#### Exercise
Word for word, please restate each record and pass over the pictures.

#### Information provided
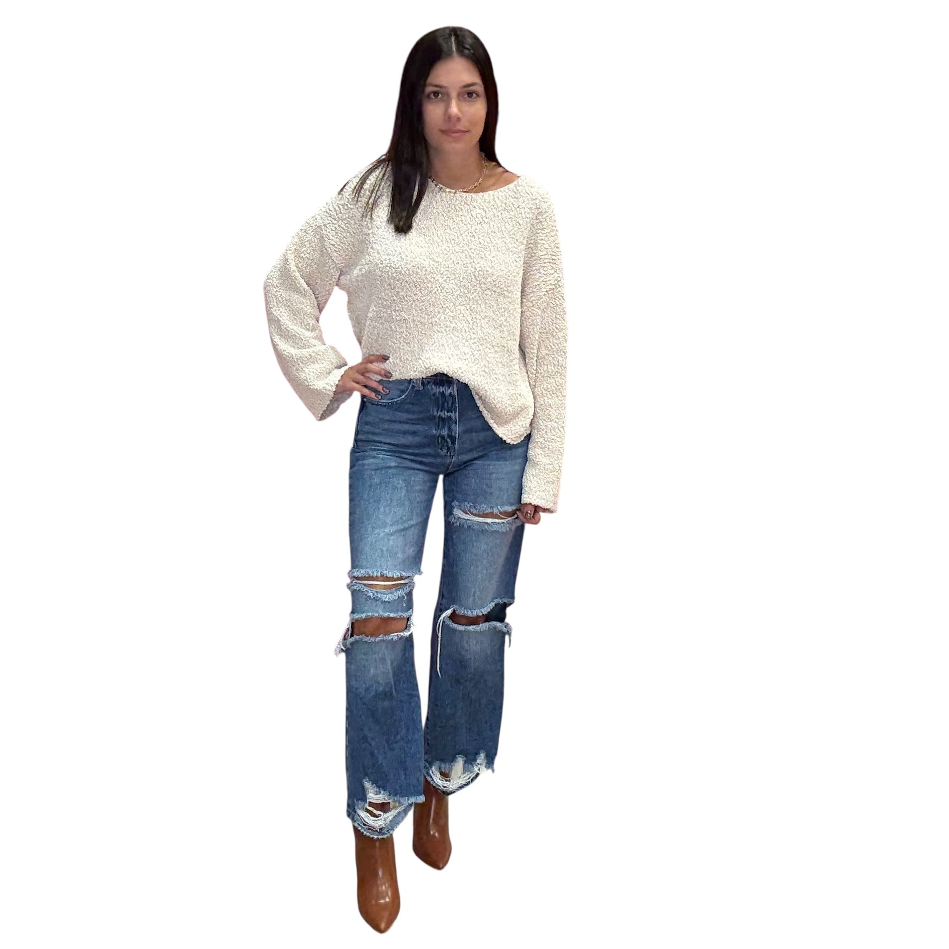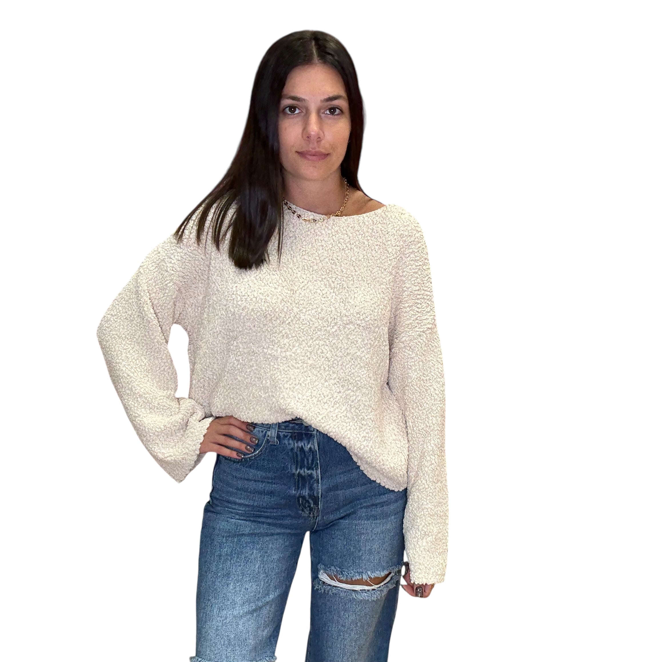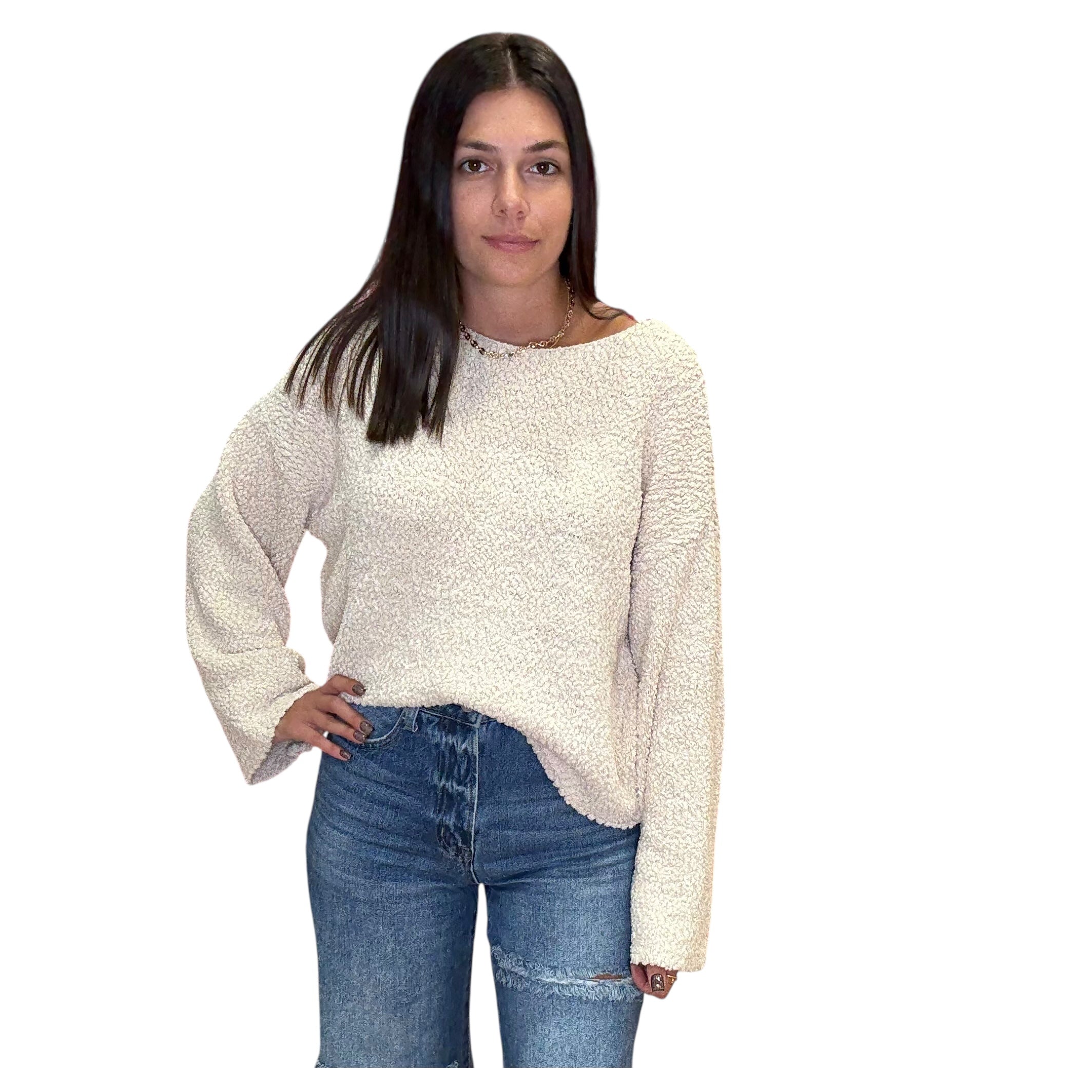 A cozy-chic staple 🤍 This textured popcorn-knit sweater features a wide boat neckline + drop shoulders for that slouchy, effortless feel.
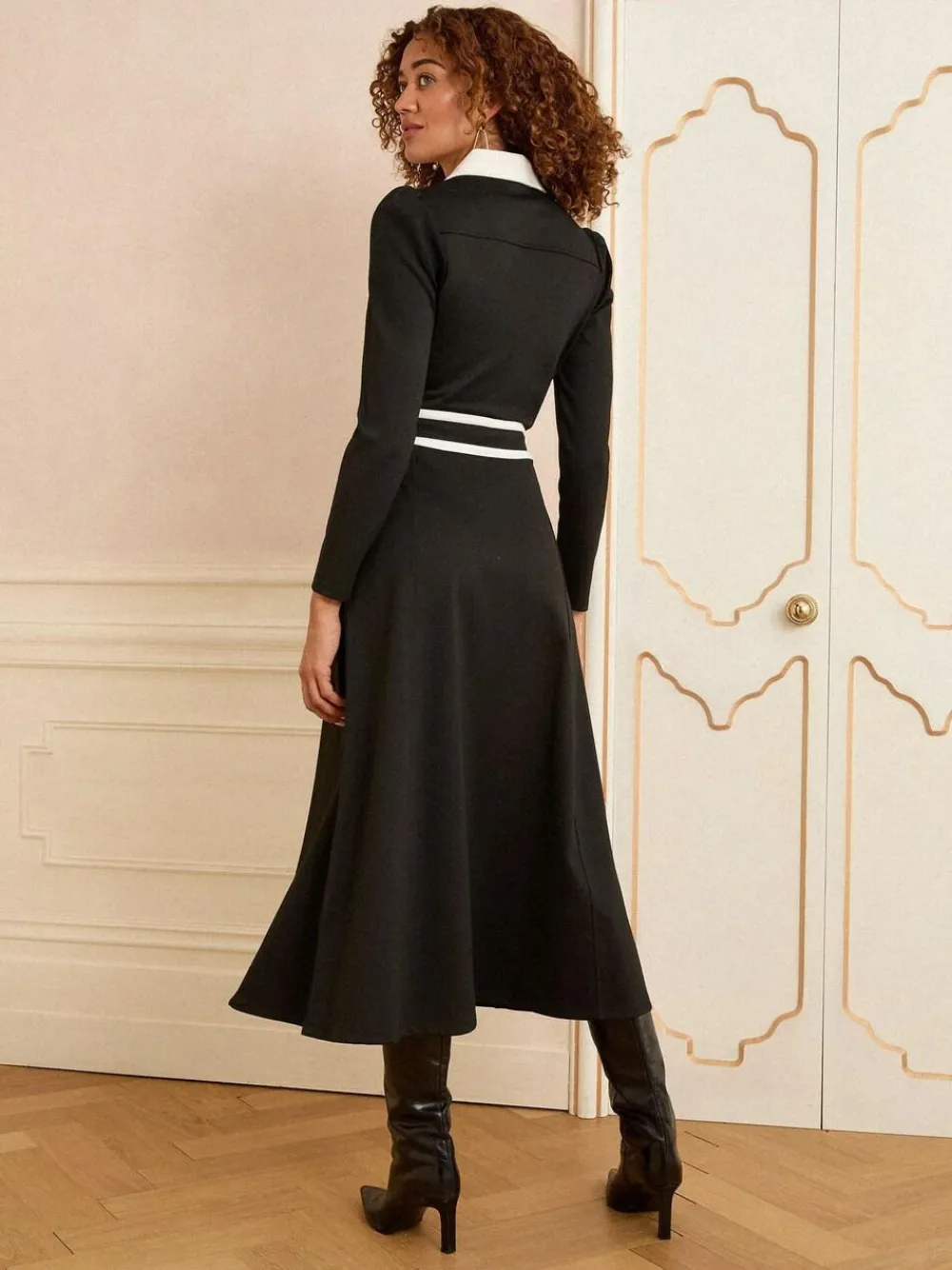 Love & Roses Ponte Contrast Trim Zip Front Long Sleeve Midi Dress Black
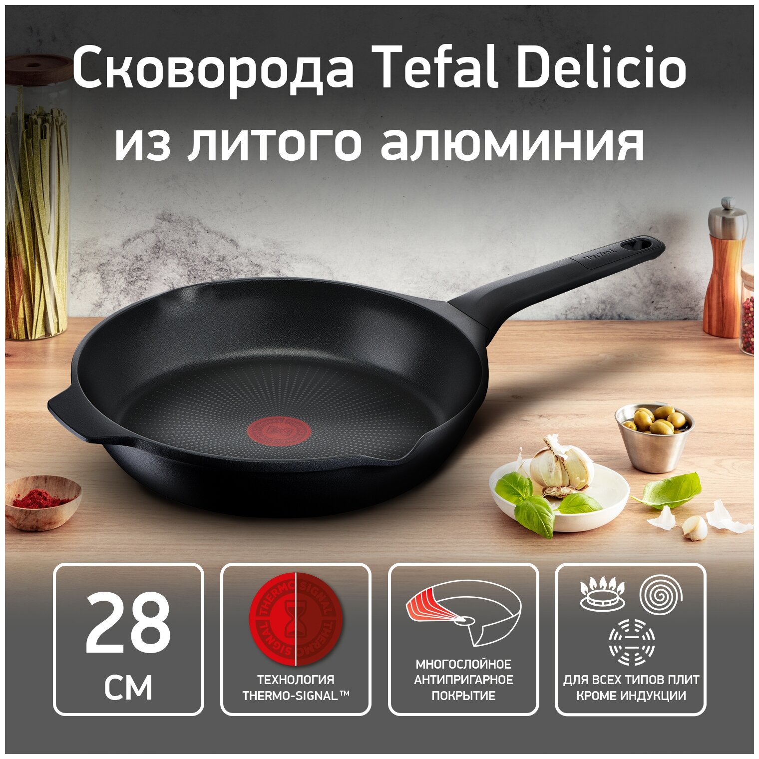 | Прочие особенности и свойства | Откройте заново вкус и аромат любимых домашних блюд вместе с элегантной посудой из литого алюминия, которая выглядит так же безупречно, как и готовит. , , Сковорода Tefal Delicio выполнена из прочного литого алюминия и имеет высококачественное антипригарное покрытие внутри и снаружи, поэтому каждое блюдо в ней получается сочным и аппетитным! Толстое дно гарантирует отличное распределение нагрева для равномерного приготовления всех ингредиентов. , , Эксклюзивный индикатор температуры Thermo-Signal подсказывает, когда сковорода нагрелась до оптимальной температуры и можно начинать готовить. Сковорода Delicio продумана до мелочей - в ней даже есть удобные носики для слива жидкости и дополнительная мини-ручка. Домашние блюда – теперь еще вкуснее и красивее! |
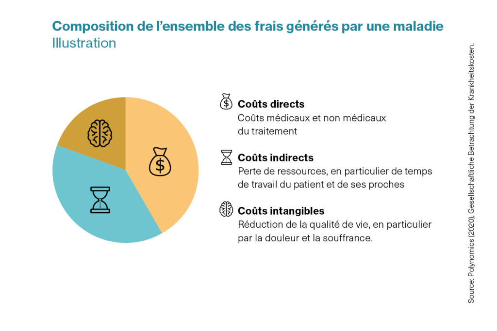 Dans le débat parfois très unilatéral sur les coûts de santé, on oublie souvent que les médicaments ne sont pas juste un facteur de coûts pour le système de santé, mais peuvent aussi générer toutes sortes de bénéfices. Là encore, il est donc utile de faire un pas en arrière pour observer le tableau dans son ensemble. Certes, les maladies pèsent en premier lieu sur les personnes malades, mais il y a souvent encore d’autres personnes concernées: les assureurs-maladie supportent les coûts des traitements médicaux, les employeurs déplorent des pertes de productivité et l’environnement personnel du patient ressent aussi les conséquences de la maladie. On peut donc distinguer les coûts directs (traitements médicaux et non médicaux), les coûts indirects (pertes de ressources, par exemple la main-d’œuvre qui manque pour cause de maladie) et les coûts intangibles (réduction de la qualité de vie). La somme représente les frais entraînés par la maladie pour la société.
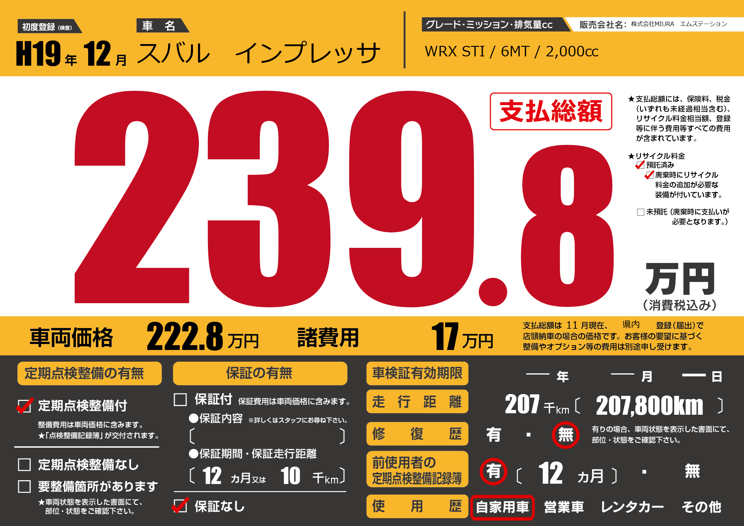 | 車名 | スバル インプレッサ | グレード ミッション 排気量 |
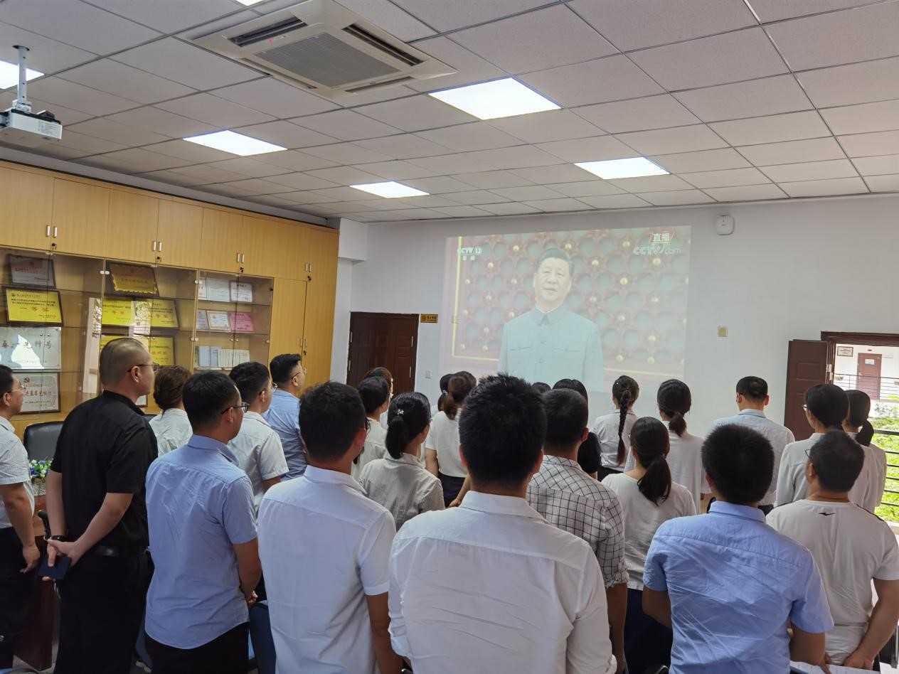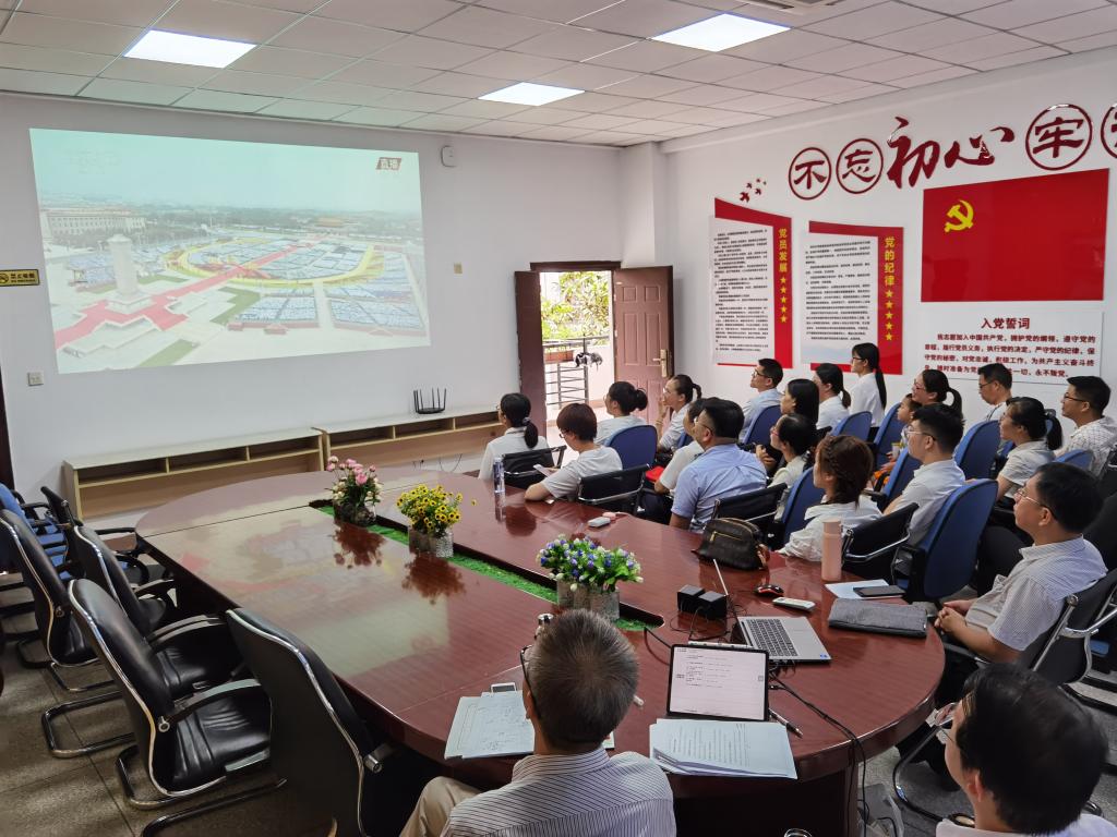 隨后,黨員在會(huì)議室一起觀看了“慶祝中國(guó)共產(chǎn)黨成立一百周年大會(huì)”直播。在播放國(guó)歌時(shí),全體黨員自覺(jué)起立,共唱國(guó)歌。
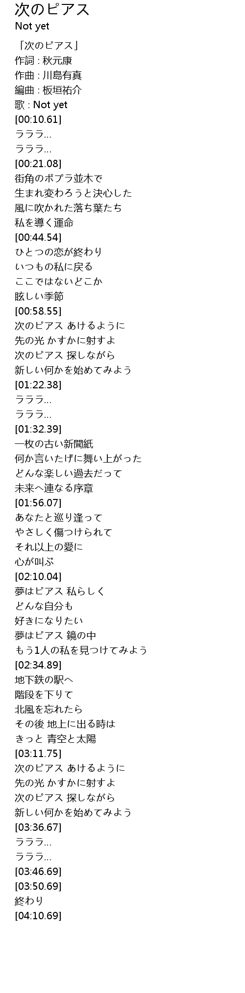 | [02:21.96] | 夢はピアス 鏡の中 |
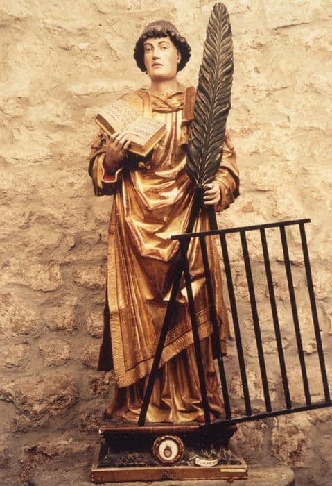Le saint, debout, tient une grande palme de martyr dans sa main gauche et un livre ouvert dans sa main droite.
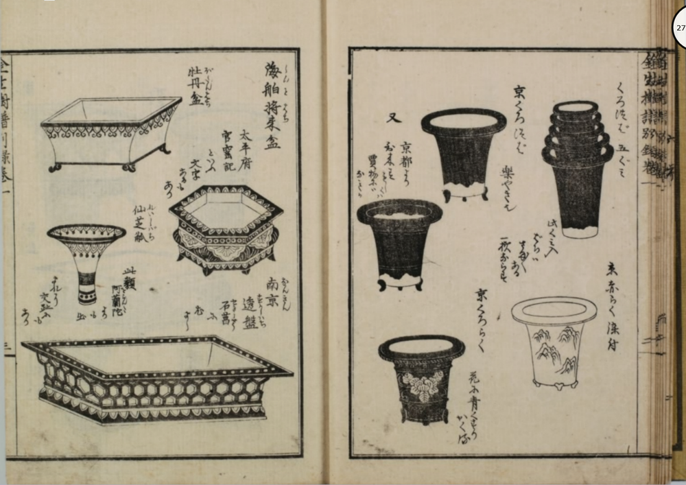 現在の万年青鉢の原形が、天保中期にはすでにできていた。天保[文政の後、弘化の前。 1831年から1845年 この時代の天皇は仁孝天皇。江戸幕府将軍は第11代徳川家斉、第12代徳川家慶。]
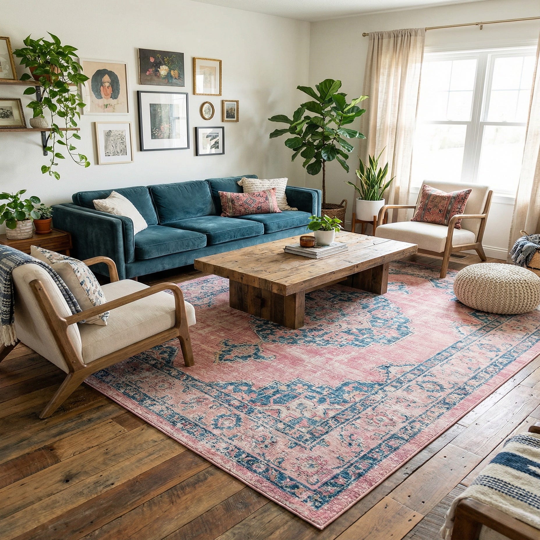 This rug works well in living rooms paired with neutral sofas and navy or brass accents, in bedrooms layered under the bed to introduce color and warmth, or in a casual dining area where its vintage-inspired pattern can complement wood or painted furniture. It also fits nicely in eclectic or coastal schemes—pair with whitewashed finishes, textured linens, and mixed-metal accessories for a cohesive look.
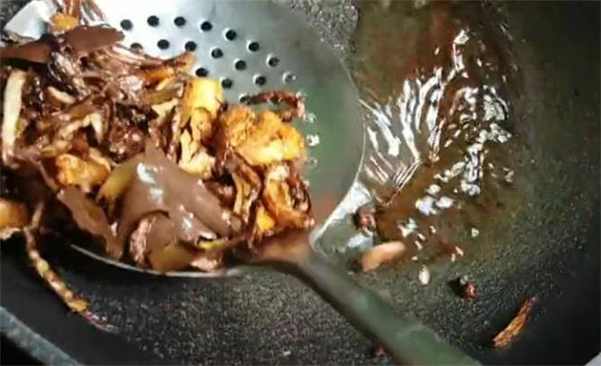 3.鍋中倒入100毫升的食用油燒開,倒入配料炸成褐色撈出,我們要的是這些配料的香味。

#### Answer to the problem
 A cozy-chic staple 🤍 This textured popcorn-knit sweater features a wide boat neckline + drop shoulders for that slouchy, effortless feel.
 Love & Roses Ponte Contrast Trim Zip Front Long Sleeve Midi Dress Black
 | Прочие особенности и свойства | Откройте заново вкус и аромат любимых домашних блюд вместе с элегантной посудой из литого алюминия, которая выглядит так же безупречно, как и готовит. , , Сковорода Tefal Delicio выполнена из прочного литого алюминия и имеет высококачественное антипригарное покрытие внутри и снаружи, поэтому каждое блюдо в ней получается сочным и аппетитным! Толстое дно гарантирует отличное распределение нагрева для равномерного приготовления всех ингредиентов. , , Эксклюзивный индикатор температуры Thermo-Signal подсказывает, когда сковорода нагрелась до оптимальной температуры и можно начинать готовить. Сковорода Delicio продумана до мелочей - в ней даже есть удобные носики для слива жидкости и дополнительная мини-ручка. Домашние блюда – теперь еще вкуснее и красивее! |
 Dans le débat parfois très unilatéral sur les coûts de santé, on oublie souvent que les médicaments ne sont pas juste un facteur de coûts pour le système de santé, mais peuvent aussi générer toutes sortes de bénéfices. Là encore, il est donc utile de faire un pas en arrière pour observer le tableau dans son ensemble. Certes, les maladies pèsent en premier lieu sur les personnes malades, mais il y a souvent encore d’autres personnes concernées: les assureurs-maladie supportent les coûts des traitements médicaux, les employeurs déplorent des pertes de productivité et l’environnement personnel du patient ressent aussi les conséquences de la maladie. On peut donc distinguer les coûts directs (traitements médicaux et non médicaux), les coûts indirects (pertes de ressources, par exemple la main-d’œuvre qui manque pour cause de maladie) et les coûts intangibles (réduction de la qualité de vie). La somme représente les frais entraînés par la maladie pour la société.
 | 車名 | スバル インプレッサ | グレード ミッション 排気量 |
 隨后,黨員在會(huì)議室一起觀看了“慶祝中國(guó)共產(chǎn)黨成立一百周年大會(huì)”直播。在播放國(guó)歌時(shí),全體黨員自覺(jué)起立,共唱國(guó)歌。
 | [02:21.96] | 夢はピアス 鏡の中 |
Le saint, debout, tient une grande palme de martyr dans sa main gauche et un livre ouvert dans sa main droite.
 現在の万年青鉢の原形が、天保中期にはすでにできていた。天保[文政の後、弘化の前。 1831年から1845年 この時代の天皇は仁孝天皇。江戸幕府将軍は第11代徳川家斉、第12代徳川家慶。]
 This rug works well in living rooms paired with neutral sofas and navy or brass accents, in bedrooms layered under the bed to introduce color and warmth, or in a casual dining area where its vintage-inspired pattern can complement wood or painted furniture. It also fits nicely in eclectic or coastal schemes—pair with whitewashed finishes, textured linens, and mixed-metal accessories for a cohesive look.
 3.鍋中倒入100毫升的食用油燒開,倒入配料炸成褐色撈出,我們要的是這些配料的香味。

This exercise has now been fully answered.